ITaaS also contributes to financial stability for the enterprise. With ItaaS, IT expenditure becomes a regular and predictable exercise, rather than one-off capital shocks.

Easy Availability of New Technology

The world of technology is in a state of flux, with new technologies emerging by the day. ITaaS offers enterprise the opportunity to experiment with the latest technology and implement what works for them. Enterprises are spared from spending a fortune up front on an uncertain technology.

More importantly, ITaaS guarantees up to date hardware, and also regular software patches and upgrades. Enterprises are free from the hassles of having to upgrade their IT infrastructure and can focus their attention on their core business process, or serve their customers.

Maintaining up to date systems is important both from a reliability and functional standpoint.

IT-as-a-service

IT-as-a-Service improves network security in a big way.

Enterprises ignore network security at their own peril. The latest Verizon data breach report reveals 70% of all cyber attacks exploiting known vulnerabilities, and some vulnerabilities date back to 1999! ITaaS delivers a coordinated patch regime, ensuring systems are less vulnerable to attacks. ITaaS providers deploy service agents on the IT infrastructure estate of the company, to highlight known vulnerabilities and out-of-date software.  The ecosystem also gets the benefits of regular system backups, pre-deployment testing, and patch updates.

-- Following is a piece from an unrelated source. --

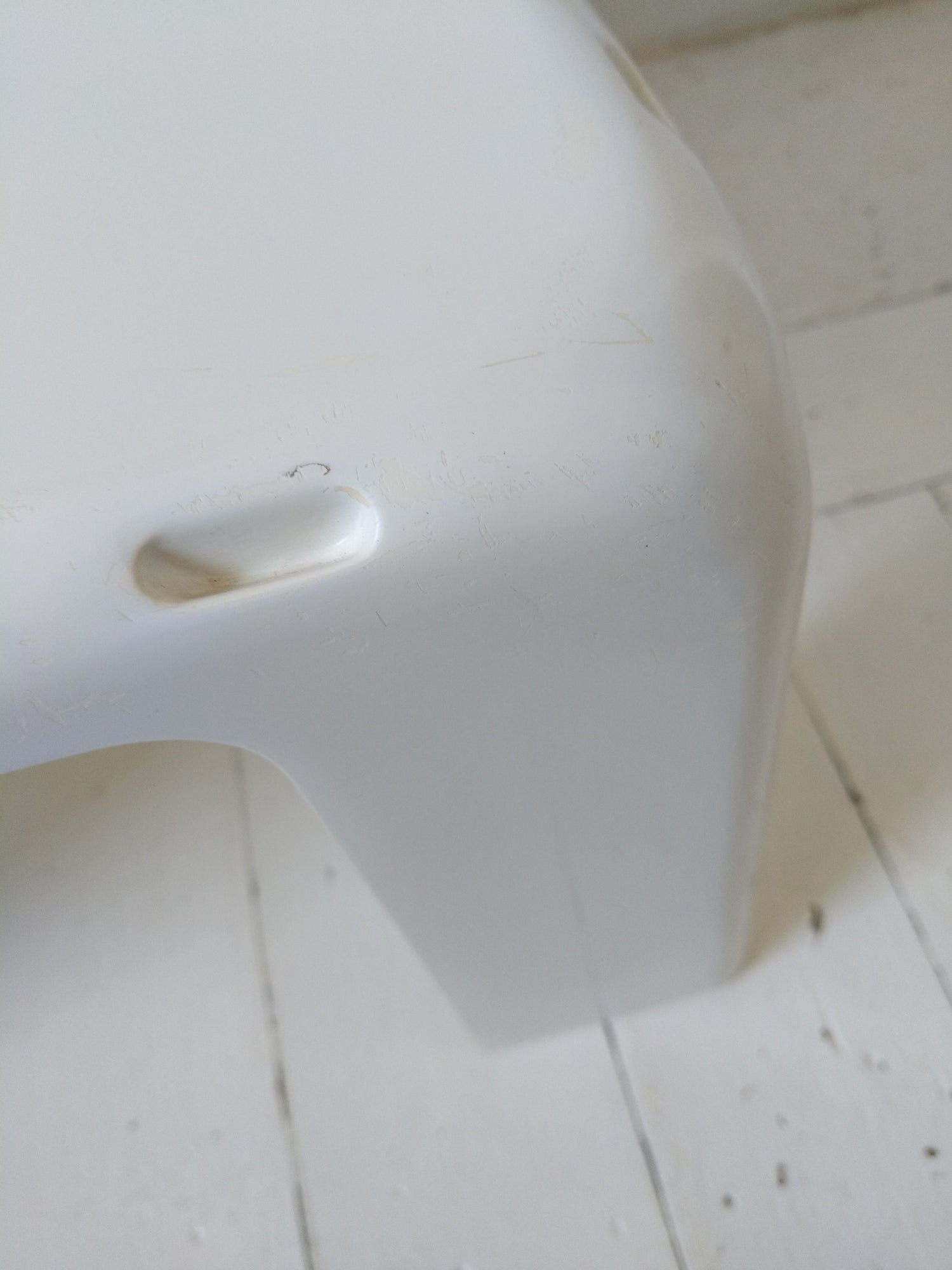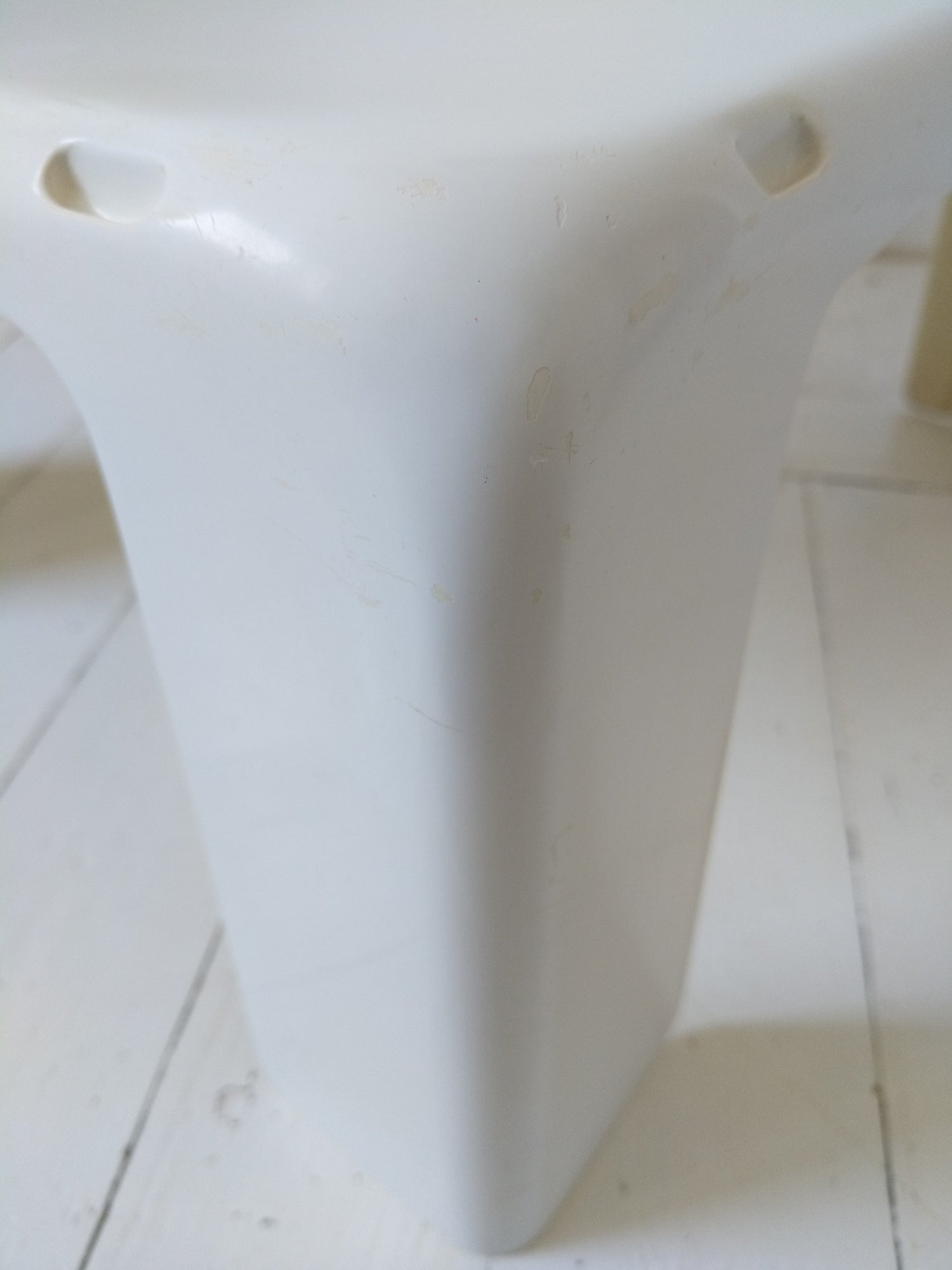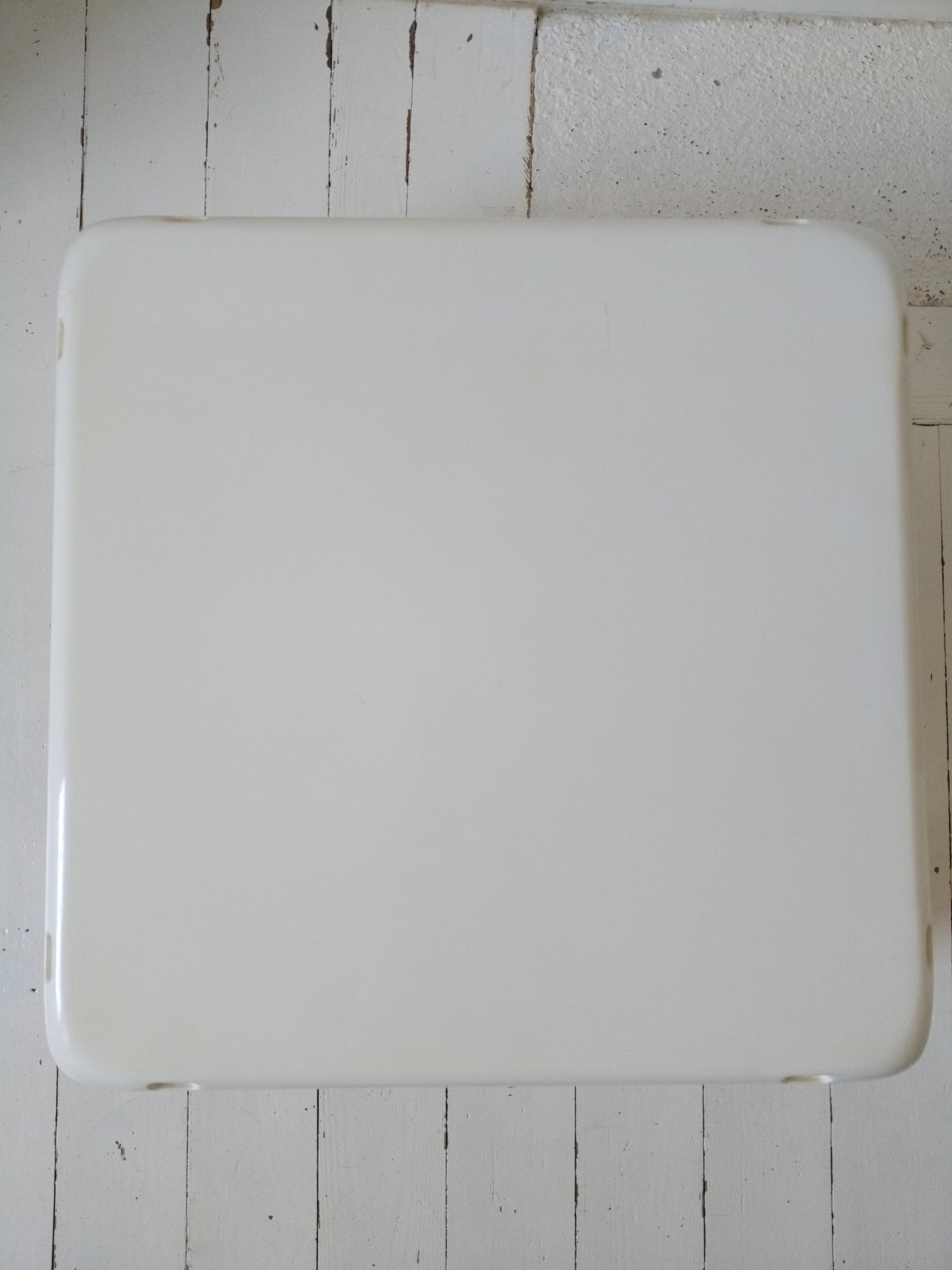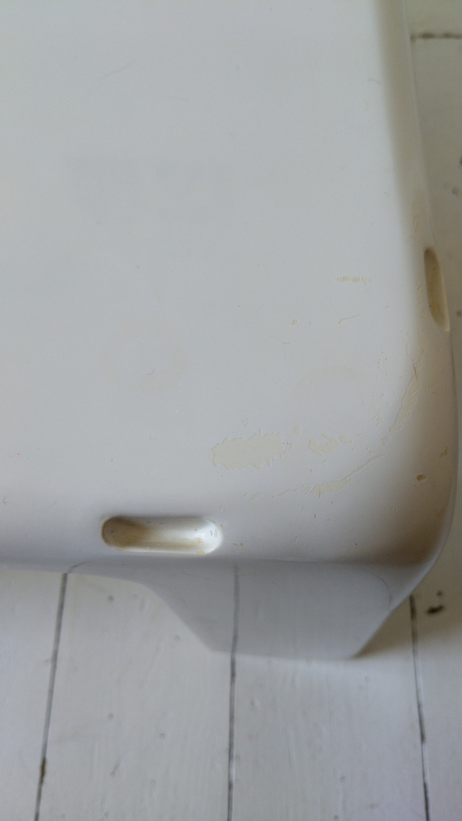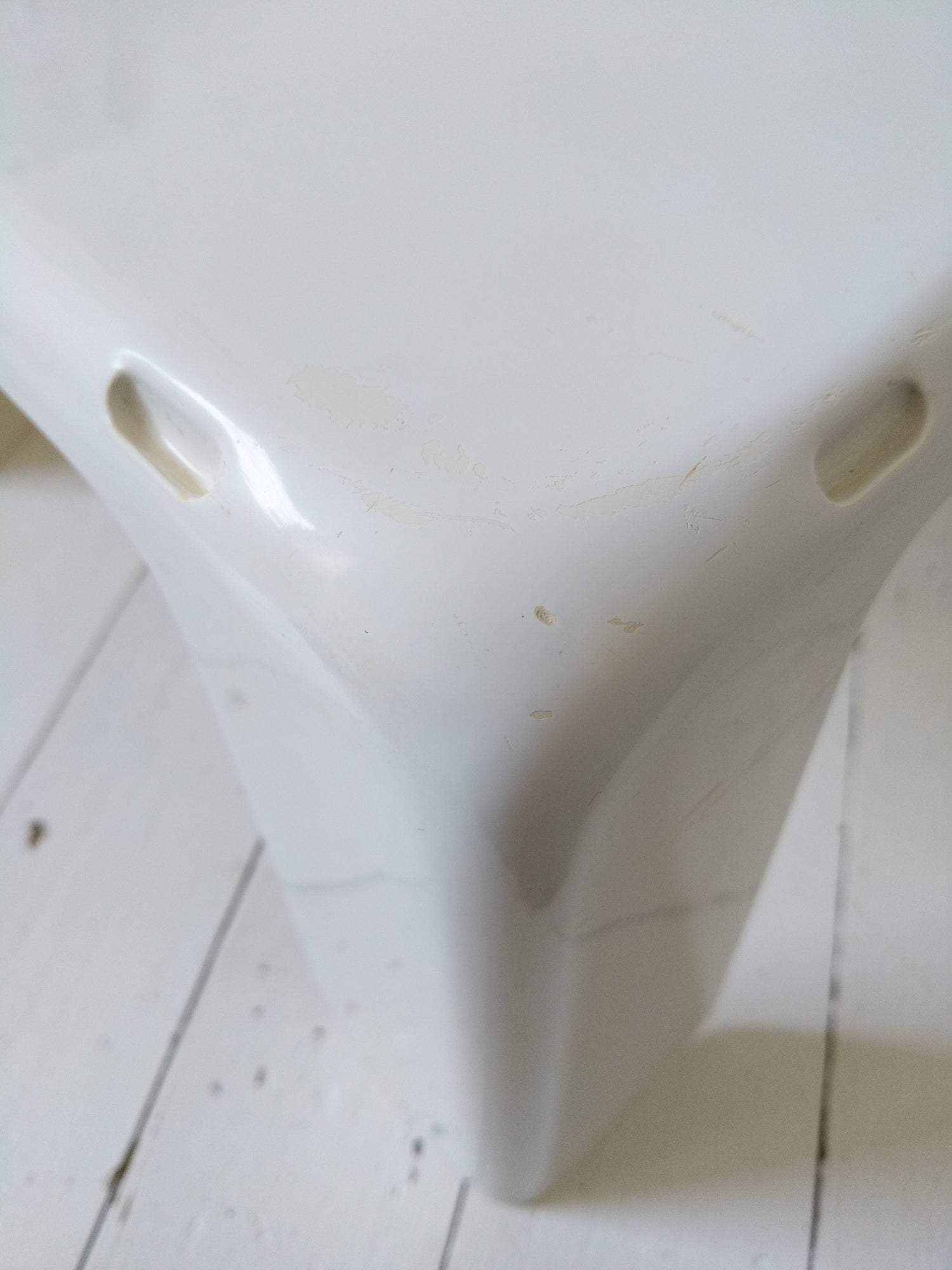 Fibre de verre - j'y ai passé beaucoup de temps et j'ai récupéré bon nombre de marques, même des brûlures! Il reste tout de même beaucoup de marques d'usage irréversibles dont micro fissure sur la base d'un pied (plus visible sur l'intérieur), cf photos. Encore très belle malgré cela, belle brillance, blanc bien blanc et en vrai, il faut déjà être bien près pour constater ses multiples signes du temps! Format 1 (c'est un petit format mais le plus grand des quatre produits) : 49,5cm de côté, 25cm de hauteur

ITaaS also enables continuous monitoring of service, Unified monitoring solutions track utilization, key metrics related to network health, and undertake trend analysis. These solutions cross-correlate code-level and transaction-level performance with the health of the supporting infrastructures, to flag issues as soon as it emerges. Such proactive monitoring identifies the symptoms and indications of a fault before it escalates into a major issue.

The 2017 Global Technology, Media and Telecommunications Predictions Report by Deloitte estimates global spending on IT-as-a-Service to touch $550 billion by the end of 2018. Enterprises currently spent about 25% of their IT budgets on pay-per-use services, on average. Deloitte Global expects the figure to jump to about 35% this year, and to 50% by 2022.

ITaaS is clearly the future, with enterprises no longer having to overpay for things they don’t need. However, the extent to which it serves enterprise needs depends on the extent to which CIOs can align ITaaS with business needs.